Once

Once

Starring: Glen Hansard, Markéta Irglová Directed by: John Carney

So I decided that I would write several reviews revolving around love…you know…for Valentine’s Day. The problem is that there are about a million movies about love, and even more when you start blurring the lines a bit. Sure, we can all agree that Love Story is in fact a decent love story, but what about The Fugitive? A wrongly accused man looking for his wife’s one armed killer might not push your buttons, but my first date consisted of making out with a girl in the back row of a theater while The Fugitive was playing…I was 14. Why The Fugitive? It was an hour longer than the other movie playing.

This of course is the problem with writing about love in movies… context. Often our emotional connections to a film have less to do with the movie itself, and more to do with whom we share the experience. Not to mention that love exists in many forms; romantic, paternal, sibling, bromance, farm animals (thanks a lot Black Sheep). My plan is just to shoot scattershot at the whole thing. What you get will be entirely dependent upon how I feel at the moment I sit down to write. I will try to watch some movies I haven’t seen before, but for the most part these reviews are different ways I have enjoyed watching love presented in movies over the years.

I think starting things off simply is the best way to begin anything. The 2007 film Once may be one of the simplest, yet most beautiful little stories about love that I have ever seen. A boy, a girl, a song, and one week in Dublin. The love in this movie is simple as well. Gone are the cliché moments that every romantic movie share, but rather we witness two lonely people who find each other. Over the course of this one week, we remember what the characters remember, there is magic in the connection between two people.
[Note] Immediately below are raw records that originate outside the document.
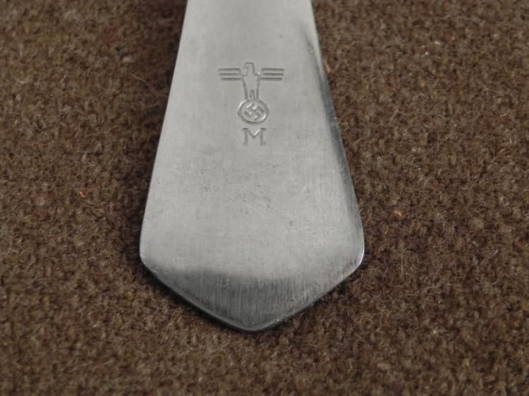 THIS IS A GREAT ORIGINAL NAVY/NAZI KRIEGSMARINE OFFICER'S DINING HALL FORK. IT IS MARKED "M" FOR KRIEGSMARINE. IT HAS AN EAGLE AND SWASTIKA, AND IS MARKED MHJ & ROSTFREI. THE FORK IS 8 1/2" LONG. * *
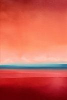 Een abstract kunstwerk waarin warme koraalrode tinten domineren, onderbroken door een subtiele turquoise horizontale lijn die het werk in tweeën deelt. De kleuren vervloeien zacht in elkaar, wat een dromerige, bijna mystieke sfeer creëert. Het werk straalt rust uit en doet denken aan een gestileerde zonsondergang boven een oneindige…
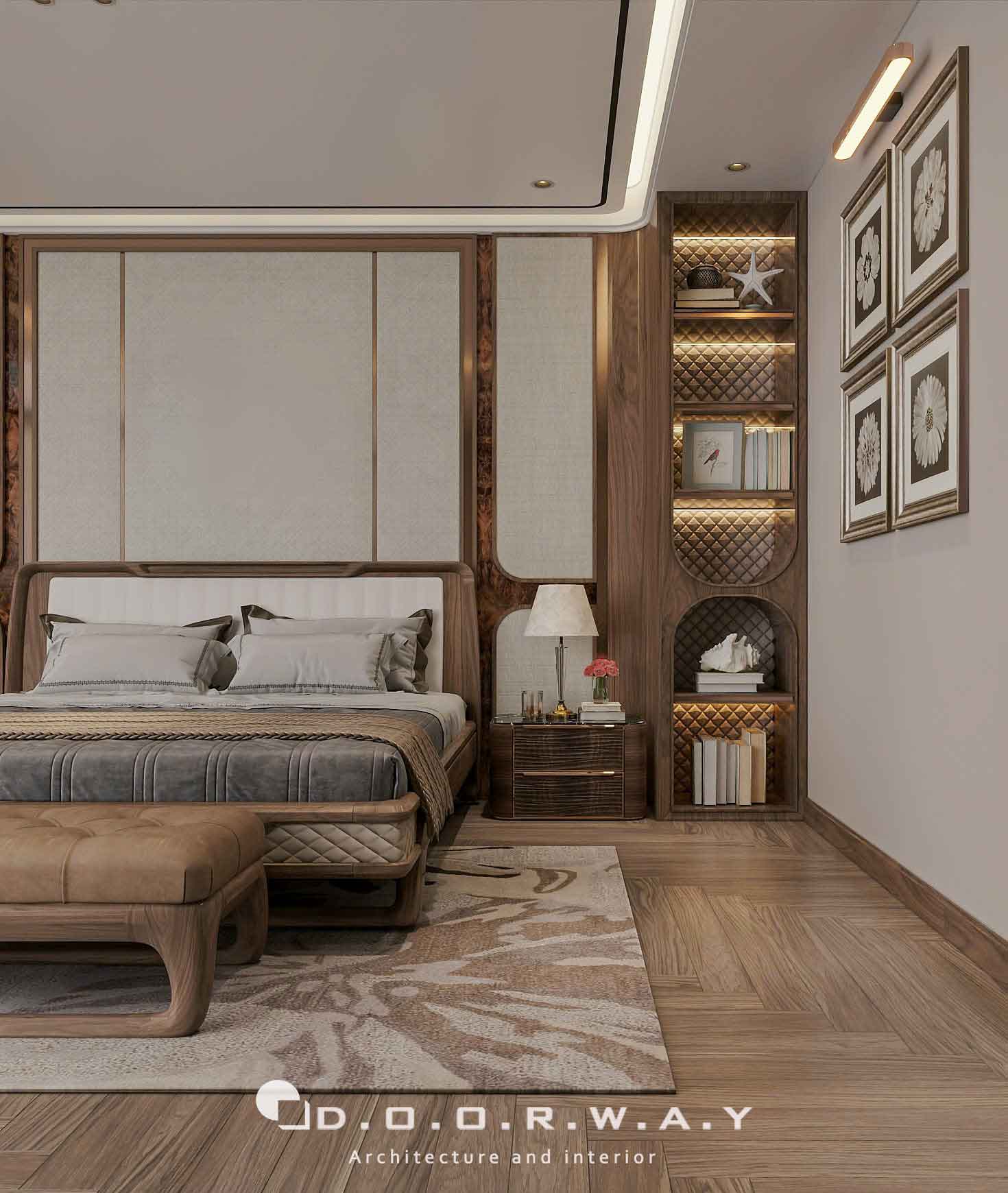 Xuyên suốt không gian là sự phối hợp khéo léo giữa gam màu nâu trầm của gỗ óc chó, sắc trung tính của nội thất và ánh sáng vàng ấm áp từ hệ đèn trang trí. Tất cả hòa quyện, tạo nên một tổng thể cân đối, sang trọng nhưng không hề nặng nề. Chính sự tiết chế trong chi tiết, cùng cách xử lý vật liệu tinh tế đã giúp căn phòng đạt đến độ “chín” trong thiết kế – nơi mà mỗi góc nhìn đều mang lại cảm xúc dễ chịu và thư thái.

Of course the real magic of this film comes from the music.  In case I didn’t mention it, Once is a musical. Now I know that some people have an aversion to musicals, but you can make an exception this time. Like most musicals, the songs have a way of moving the story forward while saying what our characters cannot. Unlike most musicals, the songs never feel out of place or break the flow of the narrative. It is the organic nature of each song that makes their message resonate on a level that few songs or movies can.

Not everything I write about will be this short or absent of criticism. I thought the first movie should be something that I would feel comfortable recommending to everyone. Once may not feel like most romantic movies you’ve seen before, but that doesn’t mean that it should be counted as anything less than one of the great love stories in recent years.